John’s role in this book is to bare record of the word of God, and of the testimony of Jesus Christ, and of all things that he saw (1:2). John declares this book is the word of God in written form. The book of Revelation concerns all John saw and heard in visions given to him by Jesus Christ. To get the most from this study, remember the author and ...

The Application (1:3)

John writes: Blessed is he that readeth, and they that hear the words of this prophecy, and keep those things which are written therein (1:3a-b). This is the first of seven “beatitudes” in this book (14:13, 16:15, 19:9, 20:6, 22:7, and 22:14). If you do his commandments (specifically the ones about being saved), what does the last “beatitude” promise (22:14)?

 
 

Revelation is the only book in the Bible that promises a special blessing to he that readeth ... they that hear ... and keep those things which are written in it. The participles (verbs used as adjectives) readeth, hear, and keep are present tense. This means reading, hearing, and obeying the commands and principles found in this book are to be a way of life. It is not enough just to read or hear. We must keep God’s Word. Why, according to Jesus in John 8:51c?

 
 

The phrase for the time is at hand (1:3c) reiterates that the events described in this book are imminent. The word translated time (kairos, kair-os´) means season, era, or epoch. Another Greek word (chronos, kron-os´) is the word from which we get the English words “chronograph” or “chronology” and refers to time on a watch or calendar. kairos refers to the final era of God’s plan for the redemption of the world. It describes a period of time, rather than a point in time.

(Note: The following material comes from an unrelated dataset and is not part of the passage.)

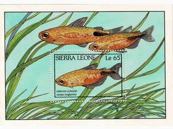 SIERRA LEONE 1988 Mi BL 76 AFRIKANSK LÅNGFENA FISKAR MINIARK ** VÄRDE 75.-
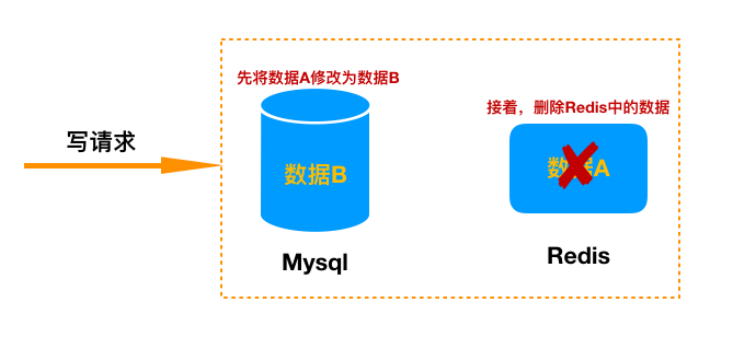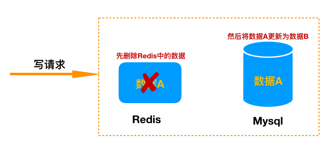 写请求先删除Redis中的数据,然后去数据库进行更新操作。

The purpose of this book is not for us to mark a calendar with a date or year the Lord will return. Jesus said it is not for us to know the times or the seasons that only the Father has the power to set (Acts 1:7). Revelation was written to motivate us to live a holy life in a very unholy world. We shouldn’t try to set a date for these events to begin. Instead, what does Jesus command in Matthew 24:42?

 
 

As we apply what we learn in this book, we will be motivated to remain unspotted by the world (2 Pet. 3:14). To get the most from this study, remember the author, the application, and ...

The Approach

There are four basic approaches to interpreting Revelation:

1. The preteristic approach (pret´-er-ist, from Latin, meaning “the thing that is past”). This view teaches the events in this book have all been fulfilled in the distant past.

2. The allegorical approach (symbolic or idealistic). This view regards all the visions as an allegory of the age-old conflict between good and evil. It teaches neither historical nor future events are specifically portrayed.

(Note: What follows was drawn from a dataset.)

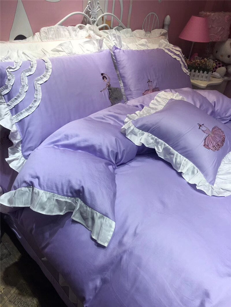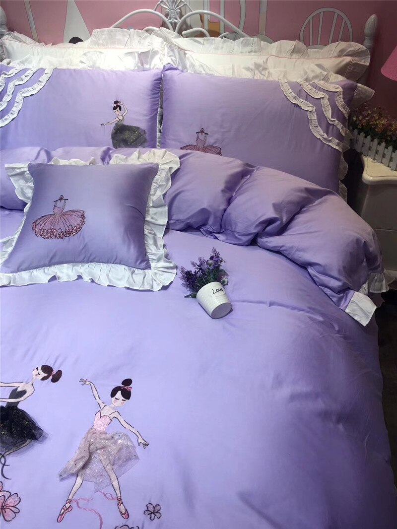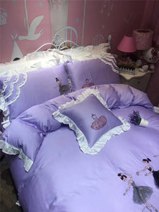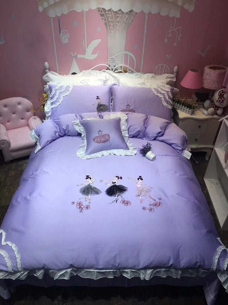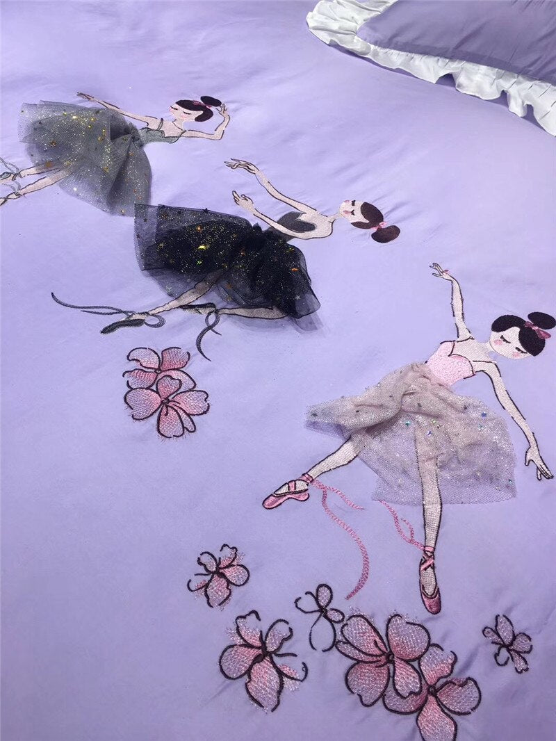 Amazing ballerina bed set in a shade of lilac to die for, with three-dimensional appliques.

3. The historical approach. This approach teaches that the predictions cover the entire period between John’s day and the return of Christ. This view sees the visions as symbols of the rise of the papacy, the corruption of the church, and various wars throughout history.

4. The futuristic approach. This view interprets all the events from chapter four on as future happenings. This is a more literal approach, interpreting the judgments described in chapters 6, 8, 9, and 16, as literal, future events expressed in symbolic terms. No events in history have even come close to these. For example, when the first of four trumpets is blown, hail and fire mingled with blood are thrown down on the earth (8:7a-b). As a result, what happens (8:7d-f)?

 
 

Those who object to the futuristic approach charge that the book of Revelation would not have been a comfort to its original readers if it is largely futuristic. However, immediate application of distant events that reveal the ultimate victory of righteousness has been a source of comfort from the time of Old Testament prophets to believers today. Therefore, in this study we will use the futuristic approach.

Regardless of the approach followed in interpreting this book, all of the visions and symbols cannot be fully explained or understood. In Daniel 12, which also deals with the end of time as we know it, we discover why some of the prophecies cannot be understood now. Why, according to what an angel tells Daniel (12:9c)?

 
 

To get the most from this study, remember the author, the application, and the approach.